__Data provided__:
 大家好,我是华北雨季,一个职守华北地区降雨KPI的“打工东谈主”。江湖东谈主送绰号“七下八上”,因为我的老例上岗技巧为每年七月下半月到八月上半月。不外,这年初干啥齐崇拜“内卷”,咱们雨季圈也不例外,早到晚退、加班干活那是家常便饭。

...

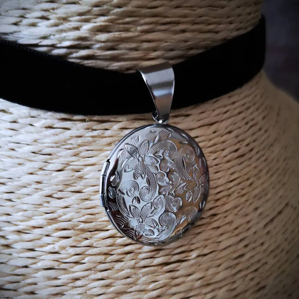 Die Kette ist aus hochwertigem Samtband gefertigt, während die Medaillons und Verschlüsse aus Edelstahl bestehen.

...

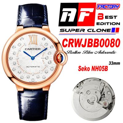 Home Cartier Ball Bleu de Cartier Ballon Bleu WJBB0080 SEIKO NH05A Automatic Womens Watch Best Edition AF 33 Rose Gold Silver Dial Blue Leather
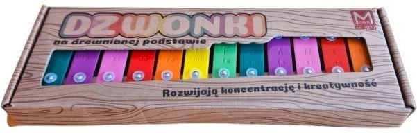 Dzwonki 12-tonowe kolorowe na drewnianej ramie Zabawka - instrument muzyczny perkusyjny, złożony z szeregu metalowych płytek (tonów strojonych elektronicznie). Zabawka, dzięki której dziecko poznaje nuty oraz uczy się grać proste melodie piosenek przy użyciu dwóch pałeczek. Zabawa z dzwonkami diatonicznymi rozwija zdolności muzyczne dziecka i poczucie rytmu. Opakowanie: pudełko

__Assigned task__: Everything from the line with "Home Cartier Ball" through the line with "Dzwonki 12-tonowe kolorowe" in the material above should be transcribed exactly, except the pictures.

__Exercise answer__:
 Home Cartier Ball Bleu de Cartier Ballon Bleu WJBB0080 SEIKO NH05A Automatic Womens Watch Best Edition AF 33 Rose Gold Silver Dial Blue Leather
 Dzwonki 12-tonowe kolorowe na drewnianej ramie Zabawka - instrument muzyczny perkusyjny, złożony z szeregu metalowych płytek (tonów strojonych elektronicznie). Zabawka, dzięki której dziecko poznaje nuty oraz uczy się grać proste melodie piosenek przy użyciu dwóch pałeczek. Zabawa z dzwonkami diatonicznymi rozwija zdolności muzyczne dziecka i poczucie rytmu. Opakowanie: pudełko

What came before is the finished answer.